Si Indécences 1930 (joli
titre télévisé) de Gérard Kikoïne titille notre fibre marxiste, si Je
suis à prendre nous semble gentillet mais surfait (Francis Leroi étonna
davantage, à son avantage, avec un méconnu Le Démon dans l’île, film de
fantastique domestique en rime débrouillarde, évocatrice, avec Réveillon
sanglant de Norman J. Warren), si le soporifique (et mélodique) Clarisse
(aka La Maison des phantasmes
visitée par Burd Tranbaree) nous endormit, si le léché (s’il te plaît) Erotica
de Paul Thomas nous réveilla (un chouïa), si Joy et Joan, ratage
peut-être à réévaluer (les adeptes du saphisme émotif plébisciteront néanmoins le
« temps réel » des demoiselles entre elles selon Nica Noelle),
possède un fin surprenante (« ménage à trois », à quatre, en comptant
le moutard, et bonheur cependant inaccessible, allez savoir), si L’Exécutrice,
anémique, vaut tout de même mieux que la moindre seconde de Polisse
(et Pierre Woodman, ancien flic jugé par certain(e)s, tel John B. Root, infâme,
fit son chemin mesquin), si Les Prédateurs de la nuit, du duo
Franco(décidément)-Chateau (reconnaissance éternelle pour avoir compris et
remarquablement mis en valeur, à demeure, via
la VHS, l’horreur américaine des Hooper, Romero, Lustig et compagnie) s’avère
perclu de défauts rédimés par une passion infaillible du cinéma, pas seulement
celui de Franju, s’il reste accessoirement des réminiscences éphémères de I…

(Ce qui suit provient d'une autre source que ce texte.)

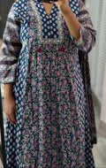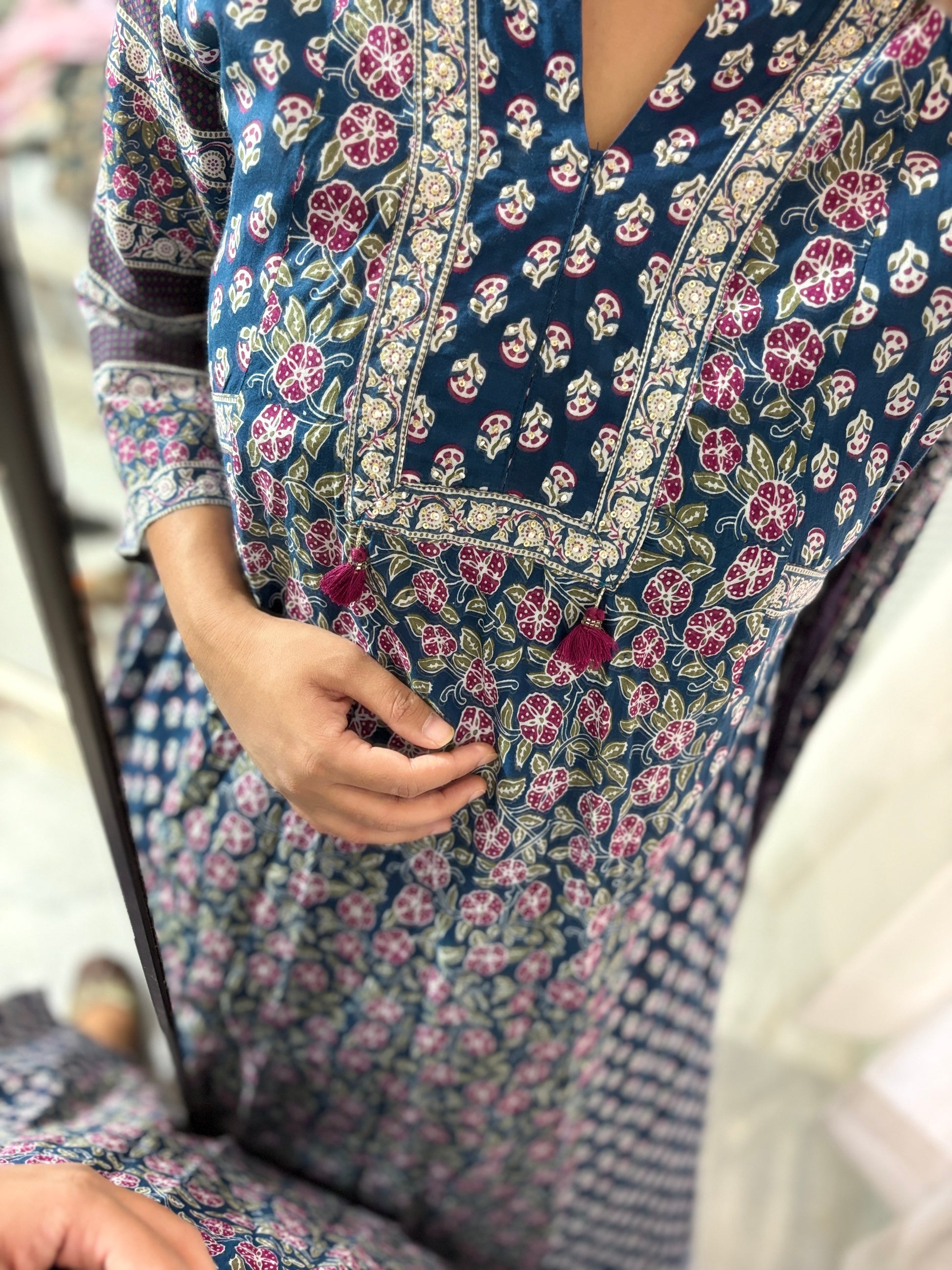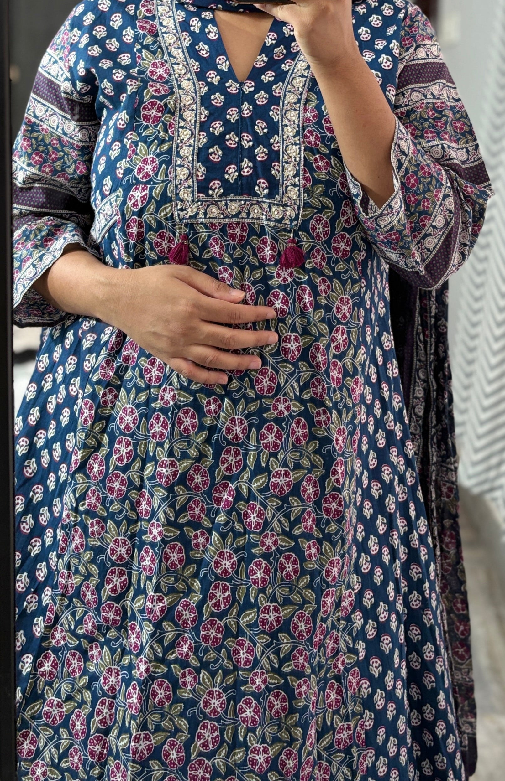 A timeless Anarkali suit set crafted in soft, breathable cotton and adorned with delicate handblock floral prints in rich indigo and wine hues.

comme Icare (Montand se fait des cheveux blancs), Diva (que l’on nous rende
Billy Wilder), Pour la peau d’un flic (Delon tel qu’en lui-même Delon le
change), Henry et June (Maria, Uma, un « plan à trois » ?)

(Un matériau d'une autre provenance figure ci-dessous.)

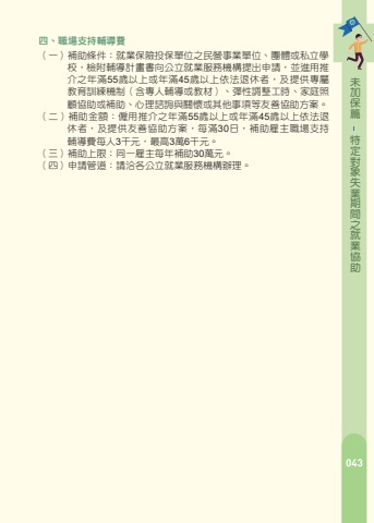 %u7bc7%u4fdd%u52a0%u672a%u52a9%u5354%u696d%u5c31%u4e4b%u9593%u671f%u696d%u5931%u8c61%u5c0d%u5b9a%u7279%u96c7%u4e3b%u7bc7%u4e00%u3001%u8077%u5834%u5b78%u7fd2%u53ca%u518d%u9069%u61c9%u8a08%u756b%u4e09%u3001%u50f1%u7528%u734e%u52a9%u63aa%u65bd%u6309%u6708%u8a08%u916c%u8005%uff1a%u6bcf%u50f1%u75281%u4eba%uff0c%u6bcf%u6708%u6700%u9ad8%u767c%u7d66%u50f1%u7528%u4e2d%u9ad8%u9f61%u8005%u65b0%u81fa%u5e6313,000%u5143%uff0c%u50f1%u7528%u9ad8%u9f61%u8005%u65b0%u81fa%u5e6315,000%u5143%u3002%u4ee5%u5176%u4ed6%u65b9%u5f0f%u7d66%u4ed8%u5de5%u8cc7%u8005%uff1a%u6bcf%u50f1%u75281%u4eba%uff0c%u6bcf%u5c0f%u6642%u767c%u7d66%u50f1%u7528%u4e2d%u9ad8%u9f61%u8005%u65b0%u81fa%u5e6370%u5143%uff0c%u6bcf%u6708%u6700%u9ad8%u767c%u7d66%u65b0%u81fa%u5e6313,000%u5143; %u6bcf%u5c0f%u6642%u767c%u7d66%u50f1%u7528%u9ad8%u9f61%u8005%u65b0%u81fa%u5e6380%u5143%uff0c%u6bcf%u6708%u6700%u9ad8%u767c%u7d66%u65b0%u81fa%u5e6315,000%u5143%u3002%uff08%u4e09%uff09%u88dc%u52a9%u671f%u9593%uff1a%u6700%u9577%u4ee53%u500b%u6708%u70ba%u9650%uff0c%u9ad8%u9f61%u8005%u7d93%u8a55%u4f30%u5f97%u5ef6%u9577%u81f36%u500b%u6708%u3002%uff08%u56db%uff09%u7533%u8acb%u7ba1%uff08%u4e00%uff09%u88dc%u52a9%u689d%u4ef6%uff1a%u96c7%u4e3b%u4ee5%u4e0d%u5b9a%u671f%u5951%u7d04%u6216%u4e00%u5e74%u4ee5%u4e0a%u4e4b%u5b9a%u671f%u5951%u7d04%uff0c%u50f1%u7528%u7531%u516c%u7acb%u5c31%u696d%u670d%u52d9%u6a5f%u69cb%u767c%u7d66%u50f1%u7528%u734e%u52a9%u63a8%u4ecb%u5361%u4e4b%u4e2d%u9ad8%u9f61%u8005%u53ca%u9ad8%u9f61%u8005%uff0c%u9023%u7e8c%u6eff30%u65e5%u4e14%u7b26%u5408%u76f8%u95dc%u898f%u5b9a%uff0c%u767c%u7d66%u50f1%u7528%u734e%u52a9%u3002%uff08%u4e00%uff09%u88dc%u52a9%u689d%u4ef6%uff1a%u4f9d%u64da%u6240%u9032%u7528%u8077%u5834%u5b78%u7fd2%u53ca%u518d%u9069%u61c9%u4eba%u6578%uff0c%u88dc%u52a9%u884c%u653f%u7ba1%u7406%u53ca%u8f14%u5c0e%u8cbb%u3002%uff08%u4e8c%uff09%u88dc%u52a9%u91d1%u984d%uff1a%u4ee5%u5be6%u969b%u6838%u767c%u8077%u5834%u5b78%u7fd2%u53ca%u518d%u9069%u61c9%u6d25%u8cbc%u91d1%u984d%u4e4b30%%u6838%u7d66%u3002%uff08%u4e8c%uff09%u88dc%u52a9%u91d1%u984d%uff1a%uff08%u4e09%uff09%u88dc%u52a9%u671f%u9593%uff1a%u6700%u9577%u4ee512%u500b%u6708%u70ba%u9650%u3002%uff08%u56db%uff09%u7533%u8acb%u7ba1%u9053%uff1a%u8acb%u6d3d%u5404%u516c%u7acb%u5c31%u696d%u670d%u52d9%u6a5f%u69cb%u8fa6%u7406%u3002%u9053%uff1a%u8acb%u6d3d%u5404%u516c%u7acb%u5c31%u696d%u670d%u52d9%u6a5f%u69cb%u8fa6%u7406%u3002%u4e8c%u3001%u4e2d%u9ad8%u9f61%u8005%u8077%u52d9%u518d%u8a2d%u8a08%uff08%u4e00%uff09%u88dc%u52a9%u689d%u4ef6%uff1a%u96c7%u4e3b%u6709%u610f%u9858%u63d0%u4f9b%u4e2d%u9ad8%u9f61%u53ca%u9ad8%u9f61%u8005%u5c31%u696d%u6a5f%u6703%uff0c%u9032%u884c%u62db%u52df%u50f1%u7528%uff0c%u6216%u70ba%u5354%u52a9%u5728%u8077%u4e2d%u9ad8%u9f61%u53ca%u9ad8%u9f61%u8005%u52de%u5de5%uff0c%u6e1b%u7de9%u5de5%u4f5c%u969c%u7919%uff0c%u63d0%u5347%u5de5%u4f5c%u6548%u80fd%uff0c%u5f97%u63d0%u51fa%u7533%u8acb%u3002%uff08%u4e8c%uff09%u88dc%u52a9%u9805%u76ee%uff1a 1%u3001%u6539%u5584%u5de5%u4f5c%u8a2d%u5099%u6216%u6a5f%u5177%uff1a%u70ba%u63d0%u9ad8%u52de%u5de5%u5de5%u4f5c%u6548%u80fd%uff0c%u589e%u9032%u5176%u751f%u7522 %u3000%u529b%uff0c%u6240%u9032%u884c%u5de5%u4f5c%u8a2d%u5099%u6216%u6a5f%u5177%u4e4b%u6539%u5584%u3002 2%u3001%u63d0%u4f9b%u5c31%u696d%u8f14%u5177%uff1a%u6392%u9664%u52de%u5de5%u5de5%u4f5c%u969c%u7919%uff0c%u589e%u52a0%u3001%u7dad%u6301%u3001%u6539%u5584%u4e2d %u9ad8%u9f61%u52de%u5de5%u5c31%u696d%u80fd%u529b%u4e4b%u8f14%u52a9%u5668%u5177%u3002 3%u3001%u6539%u5584%u5de5%u4f5c%u689d%u4ef6%uff1a%u6307%u70ba%u6539%u5584%u52de%u5de5%u5de5%u4f5c%u72c0%u6cc1%uff0c%u63d0%u4f9b%u5fc5%u8981%u4e4b%u5de5 %u4f5c%u5354%u52a9%uff0c%u5982%u8077%u5834%u9069%u61c9%u8f14%u5c0e%u3001%u5f48%u6027%u5de5%u4f5c%u5b89%u6392%u7b49%u3002 4%u3001%u8abf%u6574%u5de5%u4f5c%u65b9%u6cd5%uff1a%u900f%u904e%u8a55%u91cf%u5206%u6790%u53ca%u8a13%u7df4%uff0c%u4f9d%u52de%u5de5%u7279%u6027%uff0c%u5206%u6d3e%u3000%u9069%u7576%u5de5%u4f5c%uff0c%u5982%u5de5%u4f5c%u91cd%u7d44%u3001%u8abf%u6d3e%u5176%u4ed6%u54e1%u5de5%u5171%u540c%u5408%u4f5c%u3001%u7c21%u5316%u6d41%u3000%u7a0b%u3001%u8abf%u6574%u5de5%u4f5c%u5834%u6240%u7b49%u3002 5%u3001%u6539%u5584%u8077%u5834%u5de5%u4f5c%u74b0%u5883%uff1a%u70ba%u7a69%u5b9a%u52de%u5de5%u5c31%u696d%uff0c%u6240%u9032%u884c%u8207%u5de5%u4f5c%u5834 %u6240%u74b0%u5883%u6709%u95dc%u4e4b%u6539%u5584%u3002%uff08%u4e09%uff09%u88dc%u52a9%u91d1%u984d%uff1a%u4f9d%u96c7%u4e3b%u5c07%u9032%u7528%u6216%u5df2%u50f1%u7528%u4e4b%u4e2d%u9ad8%u9f61%u53ca%u9ad8%u9f61%u52de%u5de5%uff0c%u6bcf%u4eba%u6bcf%u5e74%u88dc%u52a9%u91d1%u984d%u6700%u9ad8%u4ee510%u842c%u5143%u70ba%u9650%u3002%uff08%u56db%uff09%u7533%u8acb%u7ba1%u9053%uff1a%u8acb%u6d3d%u5404%u516c%u7acb%u5c31%u696d%u670d%u52d9%u6a5f%u69cb%u8fa6%u7406%u3002%u7bc7%u4fdd%u52a0%u672a%u52a9%u5354%u696d%u5c31%u4e4b%u9593%u671f%u696d%u5931%u8c61%u5c0d%u5b9a%u7279%u56db%u3001%u8077%u5834%u652f%u6301%u8f14%u5c0e%u8cbb%uff08%u4e00%uff09%u88dc%u52a9%u689d%u4ef6%uff1a%u5c31%u696d%u4fdd%u96aa%u6295%u4fdd%u55ae%u4f4d%u4e4b%u6c11%u71df%u4e8b%u696d%u55ae%u4f4d%u3001%u5718%u9ad4%u6216%u79c1%u7acb%u5b78%u6821%uff0c%u6aa2%u9644%u8f14%u5c0e%u8a08%u756b%u66f8%u5411%u516c%u7acb%u5c31%u696d%u670d%u52d9%u6a5f%u69cb%u63d0%u51fa%u7533%u8acb%uff0c%u4e26%u9032%u7528%u63a8%u4ecb%u4e4b%u5e74%u6eff55%u6b72%u4ee5%u4e0a%u6216%u5e74%u6eff45%u6b72%u4ee5%u4e0a%u4f9d%u6cd5%u9000%u4f11%u8005%uff0c%u53ca%u63d0%u4f9b%u5c08%u5c6c%u6559%u80b2%u8a13%u7df4%u6a5f%u5236%uff08%u542b%u5c08%u4eba%u8f14%u5c0e%u6216%u6559%u6750%uff09%u3001%u5f48%u6027%u8abf%u6574%u5de5%u6642%u3001%u5bb6%u5ead%u7167%u9867%u5354%u52a9%u6216%u88dc%u52a9%u3001%u5fc3%u7406%u8aee%u8a62%u8207%u95dc%u61f7%u6216%u5176%u4ed6%u4e8b%u9805%u7b49%u53cb%u5584%u5354%u52a9%u65b9%u6848%u3002%uff08%u4e8c%uff09%u88dc%u52a9%u91d1%u984d%uff1a%u50f1%u7528%u63a8%u4ecb%u4e4b%u5e74%u6eff55%u6b72%u4ee5%u4e0a%u6216%u5e74%u6eff45%u6b72%u4ee5%u4e0a%u4f9d%u6cd5%u9000%u4f11%u8005%uff0c%u53ca%u63d0%u4f9b%u53cb%u5584%u5354%u52a9%u65b9%u6848%uff0c%u6bcf%u6eff30%u65e5%uff0c%u88dc%u52a9%u96c7%u4e3b%u8077%u5834%u652f%u6301%u8f14%u5c0e%u8cbb%u6bcf%u4eba3%u5343%u5143%uff0c%u6700%u9ad83%u842c6%u5343%u

ou de l’angélique (et médiocrement anecdotique) Le Diable rose, histoire
bien peu historique de cabaret-maison close, la trajectoire cinématographique
de Brigitte Lahaie, sa voie lactée, laiteuse, nous séduit moins que sa
personnalité, plus objectivement, sa persona,
filmique et publique, parfois ludique, essentiellement mélancolique, image
(manquante) en filigrane du périple attractif et déceptif supra.
Ni déesse (des « films de
fesse », expression d’une souveraine vulgarité ne devant rien à Rabelais)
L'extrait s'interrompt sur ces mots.